Здесь только я и Лидия.
Я заглядываю в дверь гостиной – она все еще там, якобы читает.
– Дорогая…
Она даже не поднимает голову. Ее личико залито слезами. В доме так тихо, лишь поют торжественную песнь волны и ветер да трещит голодное пламя. Жаль, что у нас нет телевизора. Было бы у нас несколько телевизоров, одного маловато! Жаль, что мы не в Лондоне. Неужели я действительно хочу вернуться в Лондон? Странно, но это так.
Но мы не можем. Мы здесь, как в ловушке. На острове.
Мы еле сводим концы с концами. Я вообще сижу без гроша. Мы вложили все свои сбережения в Торран, и нам едва хватило денег на основные работы по приведению жилища в порядок, а ремонт только-только начат! Дом пока – наполовину каркас, и если мы его продадим, то ничего не выручим, а, напротив, понесем убытки и разоримся.
Ночь проходит в зловещей тишине, воскресенье – в безразличии и подавленности. Наша дочь слоняется по комнате. Я чувствую, что если попытаюсь с ней поговорить, то сделаю только хуже. От Энгуса тоже нет никакой помощи – утром в понедельник он почти не говорит со мной, в каждом его движении сквозит неприкрытая злоба. За завтраком он сжимает кулаки, похоже, что он вот-вот меня ударит.

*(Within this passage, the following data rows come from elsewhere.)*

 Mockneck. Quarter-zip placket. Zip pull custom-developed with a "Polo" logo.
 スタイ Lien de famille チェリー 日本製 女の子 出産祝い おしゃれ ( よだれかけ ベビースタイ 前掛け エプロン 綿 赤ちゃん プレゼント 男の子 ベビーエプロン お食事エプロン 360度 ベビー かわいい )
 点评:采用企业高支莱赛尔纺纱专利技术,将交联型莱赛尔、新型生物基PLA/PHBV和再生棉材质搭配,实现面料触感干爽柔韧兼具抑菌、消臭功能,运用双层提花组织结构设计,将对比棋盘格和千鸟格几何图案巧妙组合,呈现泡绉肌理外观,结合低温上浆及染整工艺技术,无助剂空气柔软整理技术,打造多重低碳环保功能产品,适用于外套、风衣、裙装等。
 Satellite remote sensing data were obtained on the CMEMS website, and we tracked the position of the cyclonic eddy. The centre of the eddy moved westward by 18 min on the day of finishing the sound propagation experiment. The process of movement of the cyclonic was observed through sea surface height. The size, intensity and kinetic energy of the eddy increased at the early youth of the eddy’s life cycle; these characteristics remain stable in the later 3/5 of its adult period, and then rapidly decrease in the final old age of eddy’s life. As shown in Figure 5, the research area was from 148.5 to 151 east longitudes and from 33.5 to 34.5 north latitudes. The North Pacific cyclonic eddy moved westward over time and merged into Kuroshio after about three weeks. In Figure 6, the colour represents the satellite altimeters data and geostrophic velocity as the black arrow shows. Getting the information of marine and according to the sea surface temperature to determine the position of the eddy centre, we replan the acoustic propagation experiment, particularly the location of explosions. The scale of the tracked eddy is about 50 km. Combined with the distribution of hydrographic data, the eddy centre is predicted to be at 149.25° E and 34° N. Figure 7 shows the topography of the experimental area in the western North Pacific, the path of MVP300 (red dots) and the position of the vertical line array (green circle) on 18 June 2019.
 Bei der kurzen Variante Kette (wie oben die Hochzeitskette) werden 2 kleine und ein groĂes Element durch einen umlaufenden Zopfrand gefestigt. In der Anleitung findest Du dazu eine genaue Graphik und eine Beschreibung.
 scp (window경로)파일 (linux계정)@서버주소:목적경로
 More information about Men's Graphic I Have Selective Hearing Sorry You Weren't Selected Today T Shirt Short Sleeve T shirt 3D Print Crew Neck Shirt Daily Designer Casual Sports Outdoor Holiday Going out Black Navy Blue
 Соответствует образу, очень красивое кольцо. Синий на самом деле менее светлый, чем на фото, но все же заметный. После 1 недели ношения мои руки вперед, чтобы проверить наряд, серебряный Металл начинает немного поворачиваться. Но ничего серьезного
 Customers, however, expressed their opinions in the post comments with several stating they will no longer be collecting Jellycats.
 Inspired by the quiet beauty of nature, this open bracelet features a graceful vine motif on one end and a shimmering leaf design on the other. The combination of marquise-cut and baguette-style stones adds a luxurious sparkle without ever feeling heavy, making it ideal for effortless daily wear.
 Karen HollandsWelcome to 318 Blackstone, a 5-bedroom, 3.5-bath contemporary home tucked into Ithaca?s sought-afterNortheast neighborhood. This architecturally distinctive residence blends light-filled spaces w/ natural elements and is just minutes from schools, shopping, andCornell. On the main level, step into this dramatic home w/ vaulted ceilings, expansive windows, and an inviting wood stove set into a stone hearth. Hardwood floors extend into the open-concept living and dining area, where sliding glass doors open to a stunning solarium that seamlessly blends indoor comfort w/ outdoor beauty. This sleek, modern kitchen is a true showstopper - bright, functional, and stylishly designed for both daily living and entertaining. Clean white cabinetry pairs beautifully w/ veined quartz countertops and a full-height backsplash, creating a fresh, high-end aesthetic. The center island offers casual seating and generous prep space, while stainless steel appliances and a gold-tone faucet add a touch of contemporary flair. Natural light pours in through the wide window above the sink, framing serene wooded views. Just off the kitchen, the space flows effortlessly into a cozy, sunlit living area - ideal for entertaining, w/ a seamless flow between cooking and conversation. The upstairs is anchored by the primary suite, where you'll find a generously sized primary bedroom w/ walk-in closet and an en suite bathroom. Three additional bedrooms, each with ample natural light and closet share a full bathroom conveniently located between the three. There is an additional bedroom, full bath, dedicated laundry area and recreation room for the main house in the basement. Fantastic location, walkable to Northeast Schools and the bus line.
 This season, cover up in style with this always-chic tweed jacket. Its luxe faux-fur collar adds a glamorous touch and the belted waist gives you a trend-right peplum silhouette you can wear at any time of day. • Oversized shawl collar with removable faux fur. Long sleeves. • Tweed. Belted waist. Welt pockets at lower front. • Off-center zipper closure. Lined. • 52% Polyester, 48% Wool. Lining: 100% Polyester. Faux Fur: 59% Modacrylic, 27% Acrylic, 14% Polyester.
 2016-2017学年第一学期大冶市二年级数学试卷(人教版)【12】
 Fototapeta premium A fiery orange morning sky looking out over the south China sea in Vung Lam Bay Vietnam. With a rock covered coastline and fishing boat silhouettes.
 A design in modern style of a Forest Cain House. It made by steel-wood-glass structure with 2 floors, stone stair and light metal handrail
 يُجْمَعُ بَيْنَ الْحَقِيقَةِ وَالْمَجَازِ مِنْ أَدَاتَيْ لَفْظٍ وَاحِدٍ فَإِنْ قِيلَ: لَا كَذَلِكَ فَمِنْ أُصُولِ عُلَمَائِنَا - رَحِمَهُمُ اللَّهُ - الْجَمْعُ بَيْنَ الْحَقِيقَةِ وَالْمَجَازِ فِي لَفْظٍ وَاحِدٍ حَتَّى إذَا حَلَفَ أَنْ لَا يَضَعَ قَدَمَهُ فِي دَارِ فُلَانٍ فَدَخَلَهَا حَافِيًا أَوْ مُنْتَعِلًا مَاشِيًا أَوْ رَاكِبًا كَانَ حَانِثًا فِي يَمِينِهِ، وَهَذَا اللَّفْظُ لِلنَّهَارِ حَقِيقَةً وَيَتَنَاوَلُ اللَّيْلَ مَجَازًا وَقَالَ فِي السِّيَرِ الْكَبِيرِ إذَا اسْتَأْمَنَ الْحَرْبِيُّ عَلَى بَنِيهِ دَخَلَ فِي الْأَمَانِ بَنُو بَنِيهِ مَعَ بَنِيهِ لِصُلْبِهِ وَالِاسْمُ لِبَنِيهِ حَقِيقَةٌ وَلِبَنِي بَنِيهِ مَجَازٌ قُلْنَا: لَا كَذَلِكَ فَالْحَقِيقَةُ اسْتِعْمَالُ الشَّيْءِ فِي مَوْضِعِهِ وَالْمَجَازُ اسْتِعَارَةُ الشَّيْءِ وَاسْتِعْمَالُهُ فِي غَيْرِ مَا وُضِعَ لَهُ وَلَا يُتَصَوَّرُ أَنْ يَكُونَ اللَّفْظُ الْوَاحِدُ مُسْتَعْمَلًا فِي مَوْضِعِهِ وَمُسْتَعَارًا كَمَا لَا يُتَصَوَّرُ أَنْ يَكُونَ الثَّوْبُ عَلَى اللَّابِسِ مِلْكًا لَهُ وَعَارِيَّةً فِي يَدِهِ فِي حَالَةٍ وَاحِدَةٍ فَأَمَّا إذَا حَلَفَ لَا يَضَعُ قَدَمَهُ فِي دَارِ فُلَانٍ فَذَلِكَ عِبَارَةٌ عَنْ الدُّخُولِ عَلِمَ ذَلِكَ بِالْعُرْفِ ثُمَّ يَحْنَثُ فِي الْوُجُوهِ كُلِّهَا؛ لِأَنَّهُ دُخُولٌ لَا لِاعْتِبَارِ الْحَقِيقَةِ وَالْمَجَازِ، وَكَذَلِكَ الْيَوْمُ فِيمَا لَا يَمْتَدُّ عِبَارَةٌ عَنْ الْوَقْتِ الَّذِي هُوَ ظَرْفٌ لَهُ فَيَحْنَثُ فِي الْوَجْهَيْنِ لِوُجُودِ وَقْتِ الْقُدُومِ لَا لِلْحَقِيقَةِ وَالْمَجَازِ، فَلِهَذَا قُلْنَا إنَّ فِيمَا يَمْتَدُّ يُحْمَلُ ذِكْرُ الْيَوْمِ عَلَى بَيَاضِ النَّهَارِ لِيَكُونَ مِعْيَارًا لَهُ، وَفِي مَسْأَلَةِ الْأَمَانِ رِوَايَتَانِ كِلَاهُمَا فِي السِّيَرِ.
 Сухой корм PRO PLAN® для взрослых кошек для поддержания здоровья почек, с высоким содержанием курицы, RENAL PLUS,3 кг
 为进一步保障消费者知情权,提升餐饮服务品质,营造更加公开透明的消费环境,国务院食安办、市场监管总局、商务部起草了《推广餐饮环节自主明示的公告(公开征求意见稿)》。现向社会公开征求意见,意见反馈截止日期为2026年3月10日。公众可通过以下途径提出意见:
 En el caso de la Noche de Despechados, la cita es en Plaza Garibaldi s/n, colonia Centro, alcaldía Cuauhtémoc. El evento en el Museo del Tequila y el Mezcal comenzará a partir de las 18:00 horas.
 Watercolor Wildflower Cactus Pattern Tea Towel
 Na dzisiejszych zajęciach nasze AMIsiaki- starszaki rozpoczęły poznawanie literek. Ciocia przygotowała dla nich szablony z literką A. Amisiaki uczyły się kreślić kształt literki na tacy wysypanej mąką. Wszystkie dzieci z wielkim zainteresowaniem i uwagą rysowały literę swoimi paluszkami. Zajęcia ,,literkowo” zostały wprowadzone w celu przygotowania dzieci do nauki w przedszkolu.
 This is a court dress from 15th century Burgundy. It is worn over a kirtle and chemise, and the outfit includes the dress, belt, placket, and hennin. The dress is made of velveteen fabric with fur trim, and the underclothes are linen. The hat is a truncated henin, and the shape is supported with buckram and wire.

Я начинаю по-настоящему бояться его ярости – в душе Энгуса спрятаны насилие и жестокость. Энгус ударил своего начальника. И отец Энгуса, когда напивался, избивал до полусмерти его мать. А разве Энгус другой? Он часто пьет и вечно сердится. Вряд ли у него поднимется рука на Лидию, но я больше не чувствую себя в безопасности, когда он рядом. Когда он слишком близко.
Он молча встает и относит грязную посуду в раковину. Потом я позволяю ему отвезти Лидию в «Кайлердейл». Я не могу смотреть в лицо мамашам и папашам возле школьных ворот, особенно в лицо матери Эмили Дюрран. Не говорит ни слова и Лидия. Все молчат.
Когда я остаюсь совсем одна, то снимаю телефонную трубку и кладу рядом с аппаратом. Не хочу, чтобы меня беспокоили, мне нужно время подумать.
Потом я иду в спальню. Пять или шесть унылых часов валяюсь на кровати, разглядывая сырые пятна на потолке. Я думаю о словах моей матери. О странном поведении Кирсти перед той трагедией.